Бриони насмешливо округлила глаза. Она горячо сочувствовала своему брату и, будь это возможно, взяла бы на себя его боль. Но девочка вовсе не считала, что сухая покалеченная рука может оправдать трусость.
— Зачем ему тебя кусать, рыжик! Давай, протяни руку!
Баррик угрюмо сдвинул брови, однако подчинился ее приказу. Щенок тихонько зарычал, но тут же умолк, и дрожащие пальцы мальчика коснулись его головы. Бриони, считавшая себя знатоком по части воспитания собак, не знала, что внезапное молчание щенка не предвещало ничего хорошего. Она с умилением наблюдала, как ее брат-близнец и ее обожаемый питомец наконец-то преодолели взаимную неприязнь. Когда робкие пальцы Баррика скользнули вниз, к кудрявому загривку щенка, Бриони выпустила ошейник, чтобы почесать собачье брюшко. Симмикин прижал уши и испустил странный пронзительный звук, напоминавший испуганный вопль. В следующее мгновение он вцепился в правую руку Баррика, глубоко запустив в ладонь свои острые зубы. Баррик завизжал и отпрянул назад. Щенок повис у него на руке, но Баррик сильно лягнул его в бок, отчего пес заскулил и разжал зубы.
В течение нескольких томительно долгих минут мальчик смотрел на собаку так, словно перед ним было чудовище, сошедшее со страниц старых книг. Щеки Баррика покрывала смертельная бледность, глаза расширились от ужаса. Внезапно кровь прилила у него к голове, лицо до корней волос вспыхнуло багровым румянцем. Бриони показалось, что голова брата охвачена пламенем. Не говоря ни слова, он схватил один из луков Бриони, стоявший у стены, и набросился на обидчика Бриони приросла к полу и с ужасом наблюдала, как ее брат яростно колотит скулящего и извивающегося щенка. Несчастное животное попыталось спрятаться под кровать Бриони, но Баррик преградил щенку путь, продолжая его бить по уже покрывшейся багровыми рубцами спине. Тут Бриони стряхнула с себя оцепенение, завизжала и схватила брата за руку, ощутив под пальцами горячую липкую кровь, струившуюся из раны.

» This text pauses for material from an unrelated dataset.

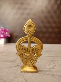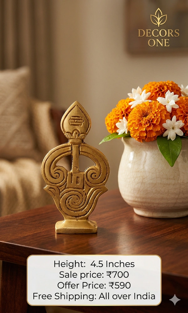 A brass "Om Vel" is a distinct and potent symbol in Hinduism, specifically revered by devotees of Lord Murugan.

Щенок, воспользовавшись моментом, забился под кровать. Баррик бросил треснувший лук на забрызганный кровью пол и выбежал из комнаты, всхлипывая и бормоча проклятия.

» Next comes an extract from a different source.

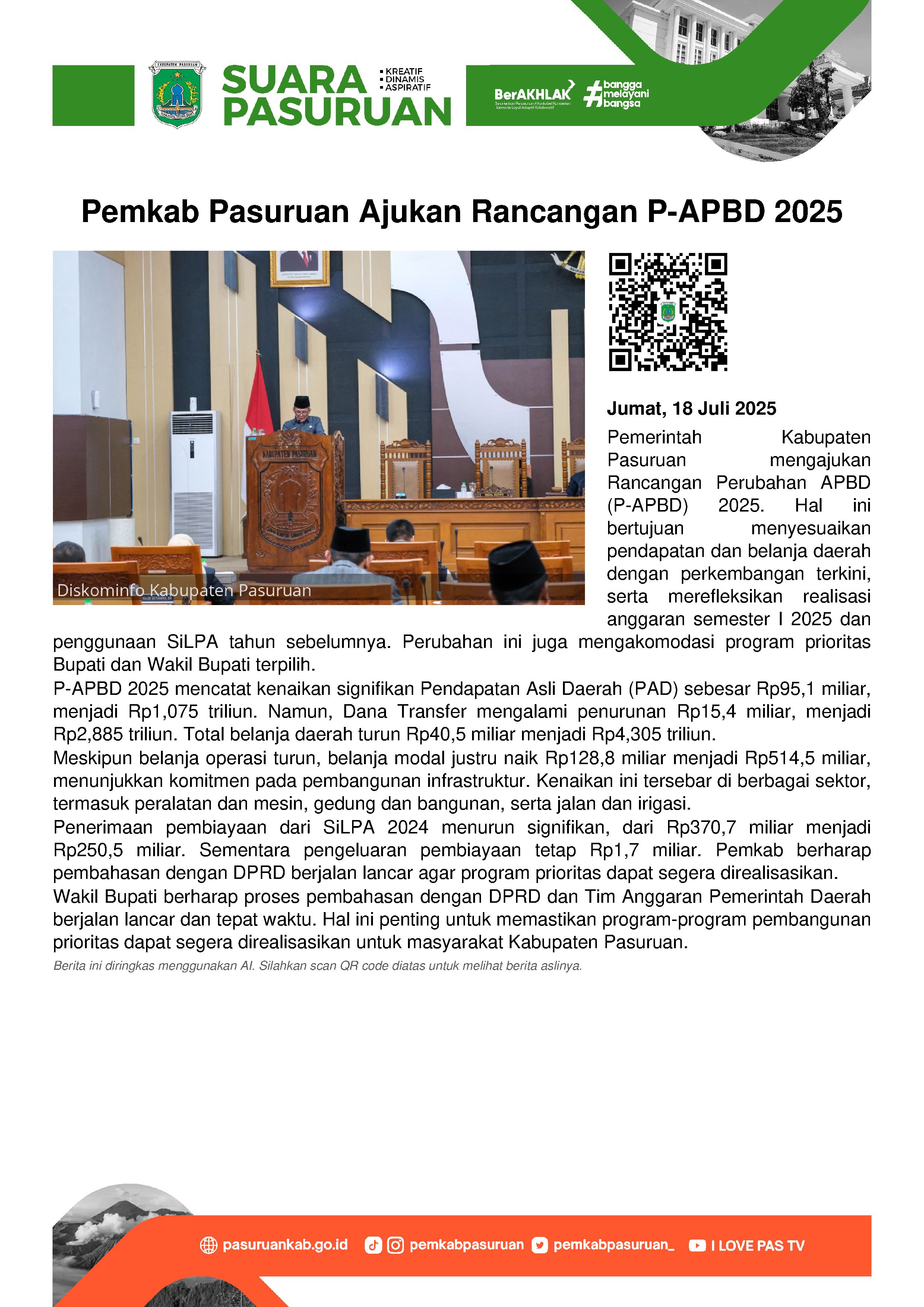 Pemerintah Kabupaten Pasuruan resmi mengajukan Rancangan Perubahan Anggaran Pendapatan dan Belanja Daerah (P-APBD) Tahun Anggaran 2025.

Будь на месте Баррика кто-то другой, Бриони прониклась бы к нему лютой ненавистью. Ненавидеть Баррика она не могла, хотя оправдать его поступок не могла тоже. Злополучный щенок навсегда утратил прежнюю жизнерадостность. Он заметно прихрамывал и стал таким пугливым, что забивался под кровать, стоило кому-то повысить голос. Баррик старался не замечать его, а Симаргил научился различать его шаги и, заслышав их, убегал из комнаты. С тех пор по поведению собаки можно было узнать о приближении принца.
Да любой другой человек, проявивший подобную жестокость, стал бы заклятым врагом Бриони. Из всех дурных качеств человеческой натуры жестокость вызывала у нее наибольшее отвращение. Но она слишком хорошо знала брата и помнила, что приступы ярости являются отражением его страхов и ночных кошмаров, с самого раннего детства с удручающим упорством преследовавших его.
Подчас Баррик вел себя чудовищно, но его самые неприглядные поступки пробуждали у сестры не отвращение, а сострадание. Бриони не сомневалась, что под маской грубости и заносчивости, которой Баррик отгородился от мира, скрывается чуткая и ранимая душа. После смерти их матери одна Бриони знала, что по ночам Баррик часто просыпается в слезах и хватает сестру за руку, чтобы убедиться в реальности собственного существования. Он изводил ее насмешками, но в редкие минуты откровенности говорил, что без нее не смог бы жить. Больше всего на свете Баррик боялся, что после смерти душа его не обретет покоя, что в наказание за богохульство, надменность и гордыню он не попадет на небеса и будет разлучен с благочестивой душой Бриони.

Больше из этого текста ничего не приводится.